Найденный кончик ниточки обрывается. Я иду к генералу и докладываю ему все, что мне известно по делу о присланной из угрозыска медной шкатулке с английским шифром и американскими долларами. Сходимся на временной отсрочке расследования. Гадоха умер, не оставив никаких следов.

— А в каких отношениях ты был с Гадохой на фронте? — спросил Жирмундский.

Пришлось рассказать.

2

Помню теплую сентябрьскую осень в Москве сорок первого. Желтеют листья на деревьях, витрины магазинов завалены мешками с песком, окна домов перечерчены белыми бумажными крестами. На улицах комендантские патрули.

Мы с Мишкой Ягодкиным ехали от окраины к центру в полупустом вагоне метро — занятия в школе не начинались из-за нехватки ушедших в ополчение преподавателей, а на заводе нас еще не оформили, так что свободного времени было много. Рядом ребята, на вид наши однолетки, но уже одетые по-военному в гимнастерки и ватники, пели нестройным хором: «…уходили комсомольцы на гражданскую войну». Женщина рядом плакала, а наши с Мишкой сердца сгорали от зависти.

Где-то на полпути, кажется на «Комсомольской», поезд был задержан — по радио уже ревели сирены воздушной тревоги. Из метро не выпускали, и мы минут сорок толкались среди пассажиров.

— Дальше не поедем, — сказал Мишка.

— А куда поедем?

— Назад.

— Почему? — удивился я.

Мишка не сразу ответил, он что-то думал, что-то решал.

— Хватит! — сказал он. — Сачковать надоело.

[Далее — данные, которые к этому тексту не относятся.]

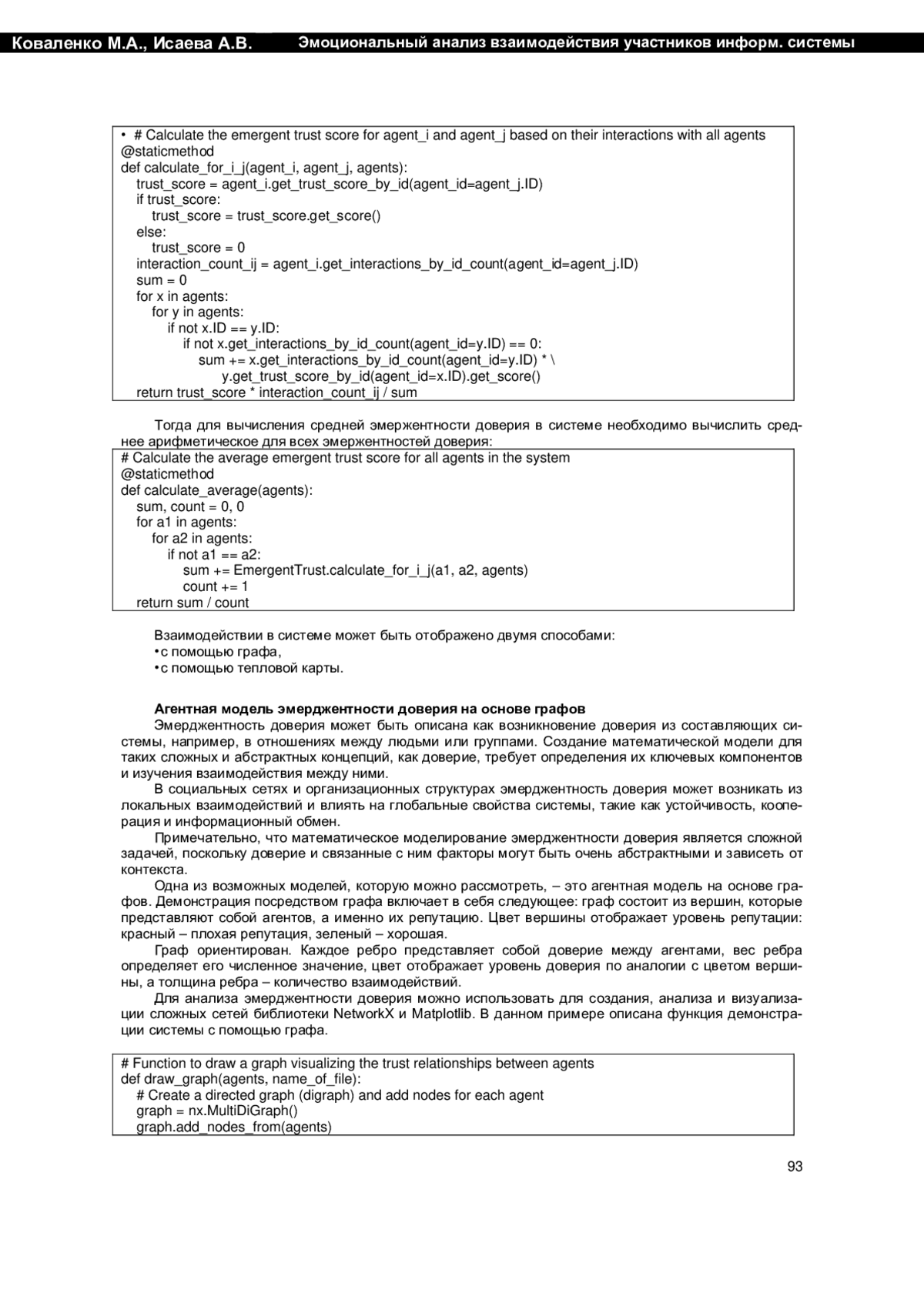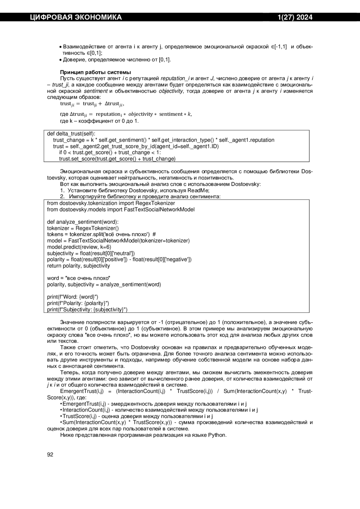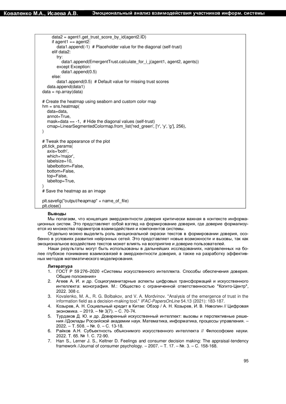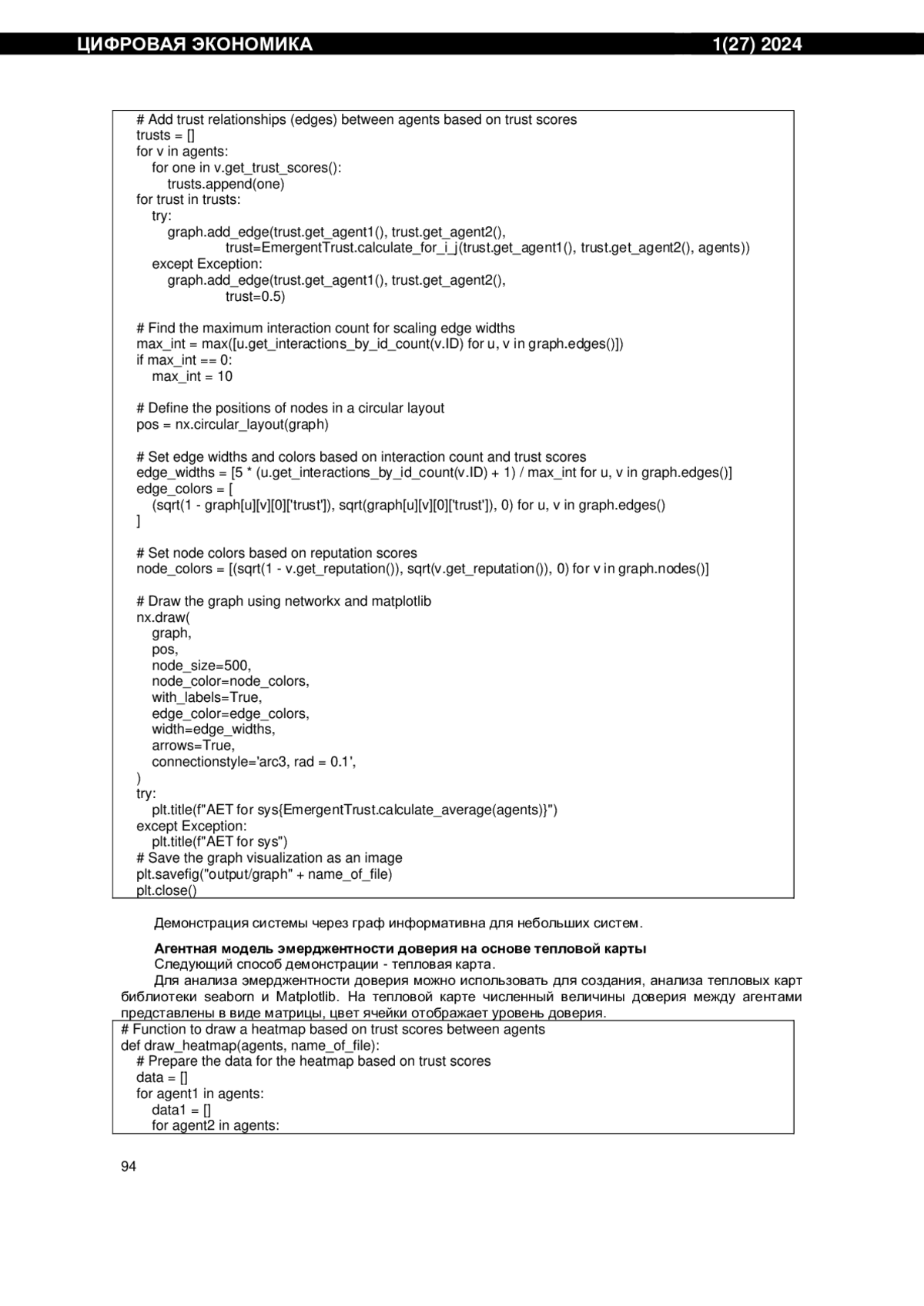 В статье рассматривается проблем оценки текстовой информации в информационных системах с акцентом на доверие. Авторы подчеркивают важность формирования доверия по различным критериям, таким как авторитетность и экспертность авторов, надежность источников, ясность изложения и соответствие информации потребностям. В статье представлена формализация эмерджентности доверия в виде кода на phyton.

Такие же парни в армию идут, а мы? Прямо из метро — в военкомат!

Вот так.

— Но мы же допризывники. Таких не берут.

— Возьмут. Попросим, и возьмут.

И нас действительно взяли. Спросили о родных. Родных не было: оба детдомовские. Спросили о занятиях. Кончились занятия, объяснили мы. Оглядели нас, прикинули — видят: подходящие парни. Ну и направили на медицинскую комиссию.

— А где учить будут? — спросил Мишка у военкома.

— Найдем место, — сказал военком. — «Тяжело в учении, легко в бою», — говорил Суворов. У вас, ребятки, к сожалению, будет наоборот. Подучим вас наспех, а ратному делу по настоящему обучаться в бою будете.

Вот так и очутились мы с Мишкой Ягодкиным в одной роте пехотного полка энской, как говорится, дивизии. Вместе учились обороняться и наступать, вместе с боями и до Вислы дошли. Об этом долгом и тяжком пути я Жирмундскому не рассказывал. О войне он знал много и без меня, да и не моя воинская судьба интересовала его, а лишь тот поворот ее, в котором был виноват ефрейтор Гадоха Сергей Тимофеевич.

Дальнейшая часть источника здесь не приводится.